Ya, sepanjang kariernya bersama Yamaha, Rossi menyabet empat gelar juara dunia MotoGP. Total, pebalap Italia ini juga meraih 46 kemenangan, sesuai dengan nomor "keramat" yang ada di motornya, sehingga dia berterima kasih kepada Yamaha.

Sekarang, Rossi mulai tantangan baru bersama Ducati. Pekan ini, mata semua pecinta MotoGP akan tertuju kepadanya karena dia memulai debutnya bersama "si Merah", tim ketiga yang dibela selama menekuni dunia balap motor, setelah berturut-turut membela Honda dan Yamaha.

Sebenarnya, setelah meraih gelar pertama dengan Yamaha di Welkom, Afrika Selatan, Rossi tidak pernah melihat ke belakang lagi, sampai dengan dia memutuskan untuk hengkang ke Ducati pada 2010 ini. Rossi hanya ingin mengenang masa-masa kebersamaannya dengan Yamaha, sejak tim tersebut mengontraknya pada 2003.

"Ini sangat emosional, tetapi saya sangat bahagia, karena saya tidak memiliki penyesalan dan tidak pernah ada momen-momen sedih selama tujuh tahun bersama Yamaha. Dari awal, semuanya mengagumkan dan kami melakukan kerjasama dengan sangat baik. Seperti halnya hidup, di olahraga hasil merupakan hal yang krusial, tetapi yang lebih penting lagi adalah kenikmatan. Inilah yang saya dapat di Yamaha.

"Ada persatuan yang bagus di tim kami--ada orang Australia, Italia, Jepang, Inggris dan masih banyak lagi... semua orang sangat menikmatinya. Jika pada 2004 ada orang yang mengatakan kepada saya bahwa saya akan memenangi empat gelar juara dunia bersama Yamaha, dan 46 kemenangan, saya sudah memateraikannya!

"Saya senang. Pertama sekali, saya harus berterima kasih kepada Masao Furusawa, karena kami melewati beberapa momen sulit tetapi kami mampu melakukan perbaikan pada motor dan membuat mesin terbaik, kemudian saya harus mengatakan banyak terima kasih kepada semua orang yang sudah membantu saya selama tujuh musim, dan hanya bisa berharap semuanya baik-baik saja."

Stoner, Pedrosa, dan Dovizioso Perkuat Skuad Honda


VALENCIA— Seusai balapan di Valencia, Spanyol (Minggu, 7/11/2010), Honda Racing Corporation (HRC) mengumumkan skuad mereka untuk tahun depan. Pasangan Dani Pedrosa dan Andrea Dovizioso masih dipertahankan, dan satu pebalap baru—seperti yang sudah diberitakan—adalah Casey Stoner dari Ducati.

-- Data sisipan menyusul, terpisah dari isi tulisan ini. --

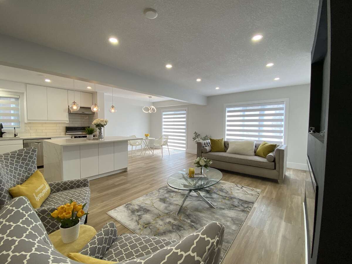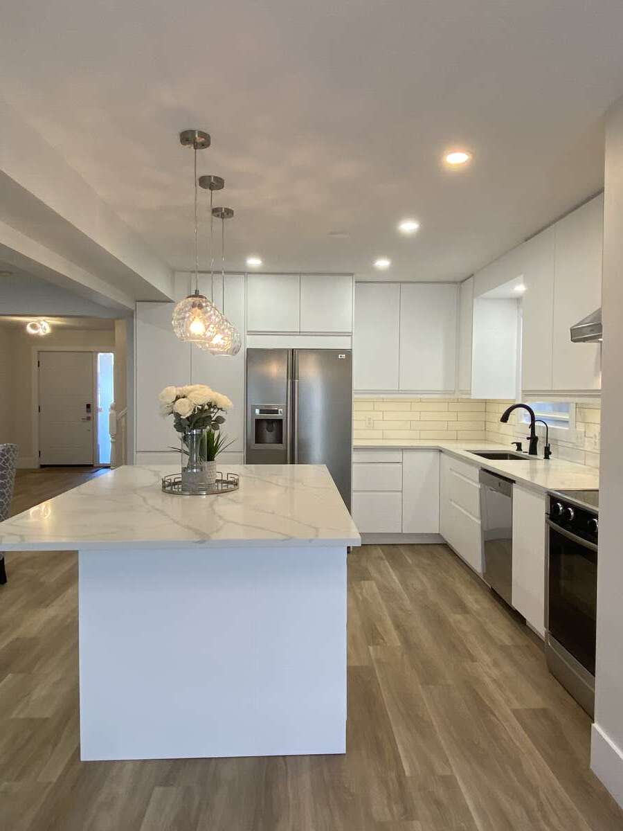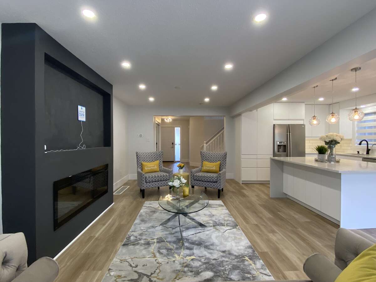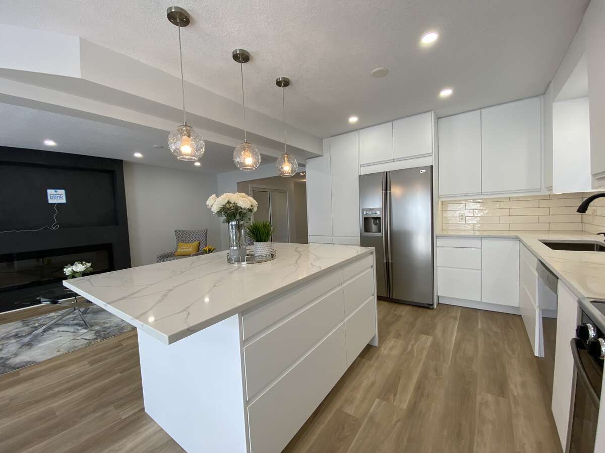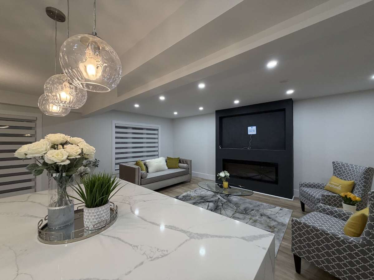 The main floor features an open-concept living area with natural light and a built-in fireplace. The open concept NEW KITCHEN features white cabinetry, quartz countertops, a waterfall island, tiled backsplash, a built-in refrigerator and stainless steel Bosh appliances.

Dengan bertahannya Pedrosa, sudah bisa ditebak kalau sponsor Repsol masih tetap melekat di Honda RC212V. Bersamaan dengan pengumuman susunan pebalap, HRC juga menyampaikan kelanjutan sponsor dari pelumas Spanyol itu untuk dua musim mendatang. Berarti, kerja sama ini sudah terjalin sejak 1995 dan telah melahirkan juara dunia, di antaranya Michael Doohan dan Valentino Rossi.

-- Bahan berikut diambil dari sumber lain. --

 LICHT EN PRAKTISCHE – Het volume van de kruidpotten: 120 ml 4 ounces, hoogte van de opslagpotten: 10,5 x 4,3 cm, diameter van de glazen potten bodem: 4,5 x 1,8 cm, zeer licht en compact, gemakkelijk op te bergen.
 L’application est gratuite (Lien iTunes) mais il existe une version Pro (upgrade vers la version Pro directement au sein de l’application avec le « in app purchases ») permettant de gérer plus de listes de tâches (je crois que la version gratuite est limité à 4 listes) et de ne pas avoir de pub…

"Dani, Dovizioso, dan Stoner akan membentuk kekuatan baru dari tim pabrikan di musim 2011. Trio ini mengingatkan kembali kekuatan Honda di pertengahan 1990-an melalui Michael Doohan (Australia), Alex Criville (Spanyol), dan Shinichi Ito (Jepang)," sebut HRC dalam keterangan resminya, Senin (8/11/2010) ini.

Mantan juara dunia 2007, Stoner akan menjalani sesi tes di Sirkuit Valencia dalam minggu-minggu ini.